Paessler PRTG Network Monitor

German vendor Paessler’s solution runs on any flavour of Windows from XP onward, either server or workstation. It provides more than 50 types of sensor covering NetFlow, SNMP and WMI, as well as common network services such as ping, HTTP, SMTP, POP3, SQL, file and mail server performance, and a host of hardware-specific metrics including processor, memory, disk and network activity. Paessler’s licensing scheme is based on the number of sensors used rather than number of devices, and is available in a freeware version for very small networks (up to 10 sensors, or 20 if you register the product), with commercial versions supporting 100, 500, 1,000 or an unlimited Enterprise edition supporting up to 30,000 sensors.

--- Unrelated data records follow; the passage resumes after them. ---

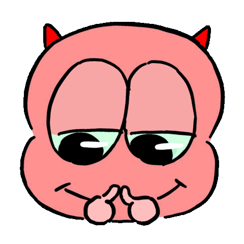 A cute, shy pink blob character with rosy cheeks and small red horns looks down bashfully, touching its fingers together.
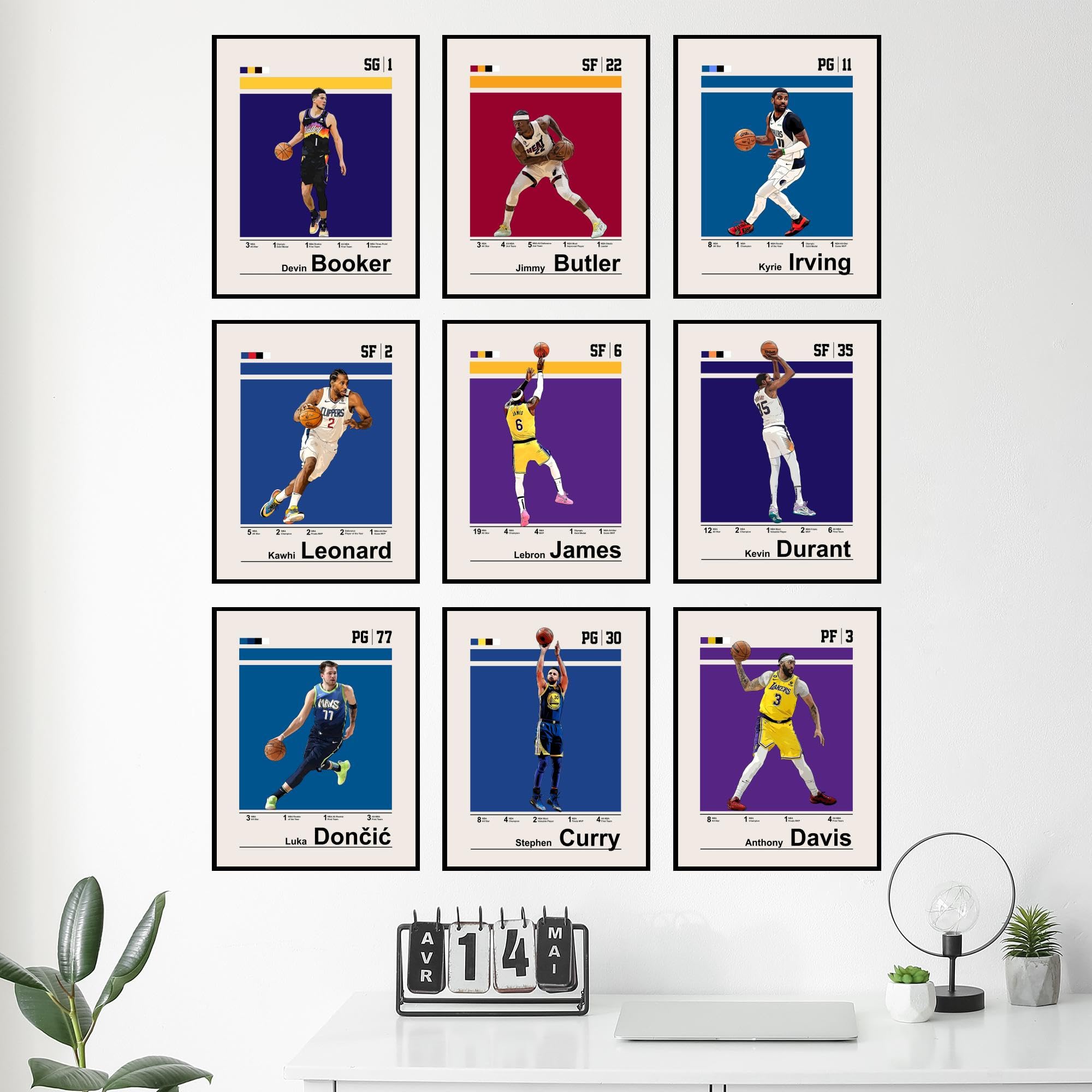Educational and Decorative: These basketball posters for boys bedroom serve as both wall art and an educational tool, detailing the career highlights of players like Anthony Davis, Jimmy Butler, and Devin Booker. It's a perfect blend of style and substance for young fans.
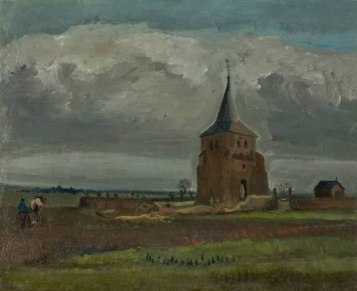 In het schilderij De oude kerktoren te Nuenen, dat hij zelf ‘Cimetière de paysans’ noemt, ziet hij de half afgebroken toren als symbool voor de vergankelijkheid van het geloof. Terwijl in contrast daarmee ‘sedert eeuwen de boeren ter ruste worden gelegd in de akkers zelve, welke zij bij hun leven doorwroeten' en daarmee hun leven in zijn ogen onveranderlijk is. Op het kerkhof bij de toren worden in het noordelijke deel de katholieken en in het zuidelijke deel de protestanten begraven. Het lijkenhuisje naast de toren is in menig werk van Vincent te herkennen.
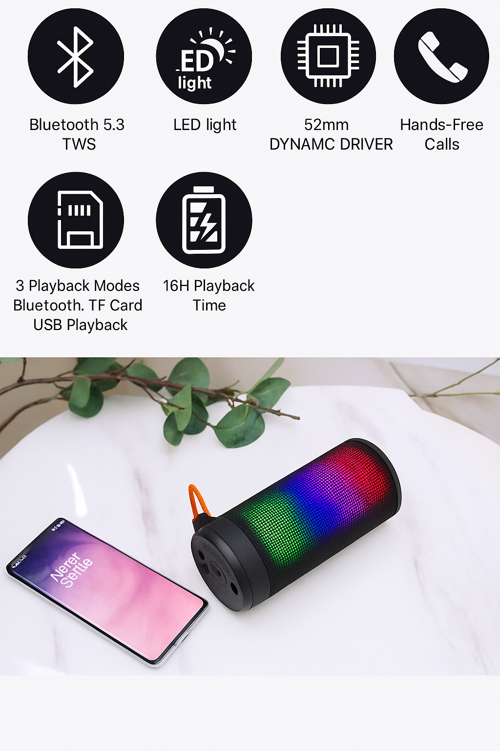 The PLEIGO BS15 is a fabric-designed Bluetooth speaker with built-in LED mood lighting, offering a sleek appearance and excellent sound quality.
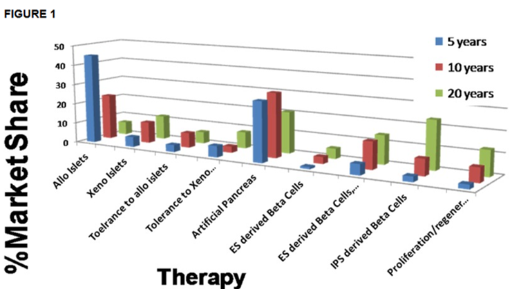 Imagen: Expected changes in β cell replacement over time. before the conclusion of the conference, a web based survey was completed by the participants seeking their individual opinion as to what portion of the β-cell replacement market would be captured by the existing and potential therapies discussed at the meeting. For each of the time horizons of 5, 10, and 20 years, respondents allocated predicted market share between 9 potential therapeutic options. The graph shows the average market share awarded to specific therapies at 5, 10, and 20 years.
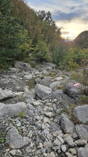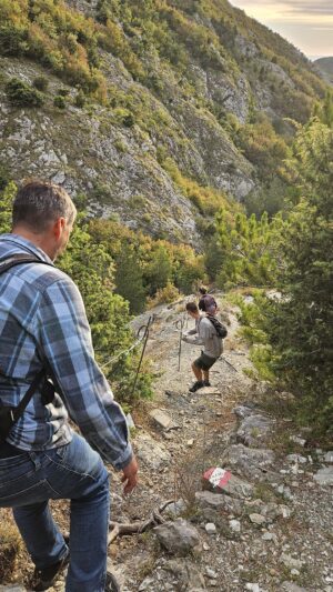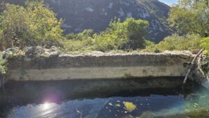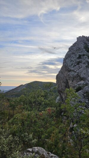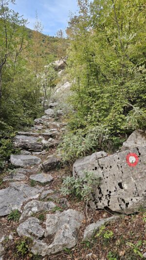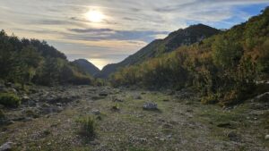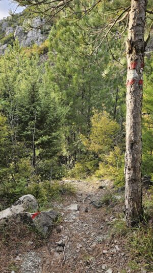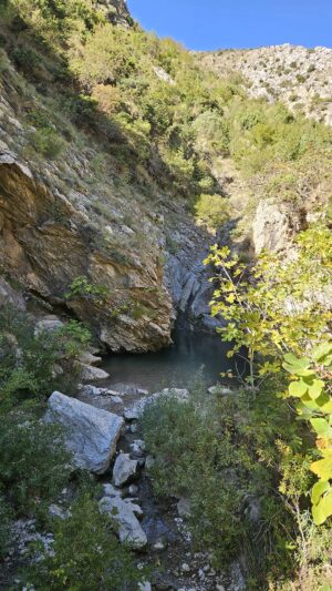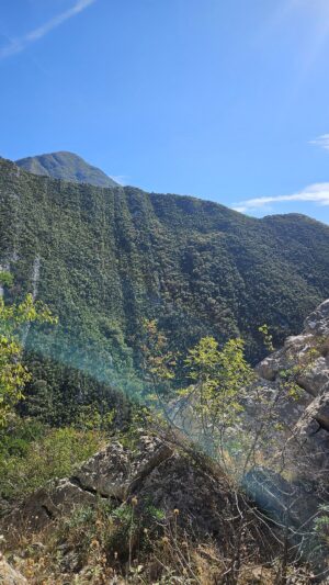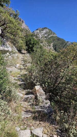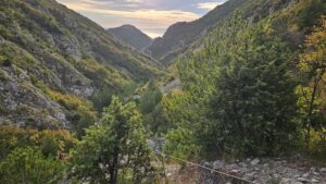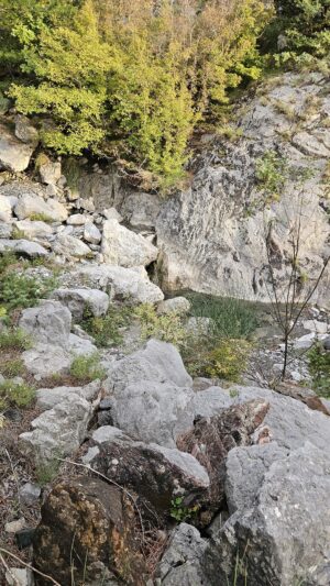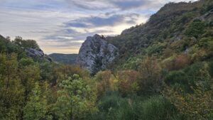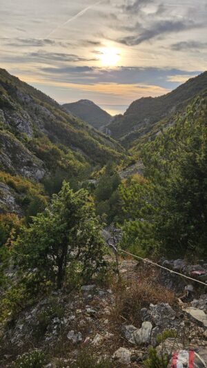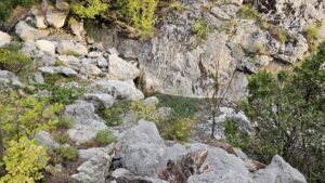 Next, to the rock massif and the Menke Old Bridge. This is a small, old stone crossing near the climbing area and the waterfall; In local guidebooks, it is the first kilometer of many trails and races starting at the walls of Stari Bar that leads to it. The local press directly mentions “Menke Bridge and the waterfall next to it” as a landmark in the mountain belt above the city; a section of the Rumija SkyRunning trail is also dedicated to it, where the road “on cobblestones through the heart of Stari Bar” leads to Menke Bridge near the climbing area.
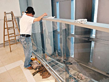 香港机场管理局早前聘请承办商进行防漏工程,工人需撬开大楼内外的玻璃幕墙旁地板,再铺以防漏漆,其中在大楼外的工程已大致完成,工人正展开楼内工序。

Paessler’s PRTG Network Monitor provides a dashboard view of the network.

Essential features include auto-discovery on installation, a flexible mapping system, and the choice of three interfaces: an Ajax-based Web console, a native Windows application, and an iPhone app (at additional cost). In addition to basic alerting to the admin console, alerts can also be sent via email or SMS/pager. It provides more than 30 standard report templates including Top 100 reports for bandwidth and CPU use, ping times, disk space and uptime/downtime, and a customisable dashboard for easy access to key information. Noteworthy features include the ability to monitor performance against SLA compliance, and the use of a proprietary database which eliminates the need for a SQL Server installation, and which the company says is much faster. Significantly, PRTG Network Monitor also supports multiple locations and remote networks out of the box. This is down to its design which consists of the core server and remote probes. The remote probes let you monitor devices on LANs separated by firewalls, and across VPNs. A standard installation supports up to four remote probes without additional costs. A further benefit of this architecture is that it can be installed on a modest server and still monitor large networks. PRTG also supports the development of custom sensors using WQL or SQL queries or a simple file API. These features facilitate monitoring of bespoke applications or key business metrics (such as sales per person per day) and generating alerts for values that are outside tolerance. Also worth noting is Paessler’s support for virtualisation, as some solutions monitor only the physical server and not the virtual machines. PRTG Network Monitor includes the ability to monitor virtual servers based on leading virtualisation technologies including VMware, Microsoft’s Hyper-V and Xen.

Ipswitch WhatsUp Gold

Arguably the most comprehensive of the SMSs aimed at the mid-size enterprise, WhatsUp Gold may also be the most complex. Available in three editions – Standard, Premium and Distributed – each with different feature sets, it is also broken down by a licensing scheme based on the number of supported devices from 100 to 2,500. The picture is further complicated by the availability of four separate plug-ins, at additional cost, for features such as extended network mapping, VOIP monitoring, and support for segmented networks. The result is a curious mix of advanced features and surprising limitations, depending on which version you acquire. For example, support for Linux/Unix devices and virtual machines is available across the board, yet the Standard edition lacks out-of-the-box support for Microsoft’s WMI protocol.

At-a-glance network mapping and alerts in WhatsUp Gold from Ipswitch.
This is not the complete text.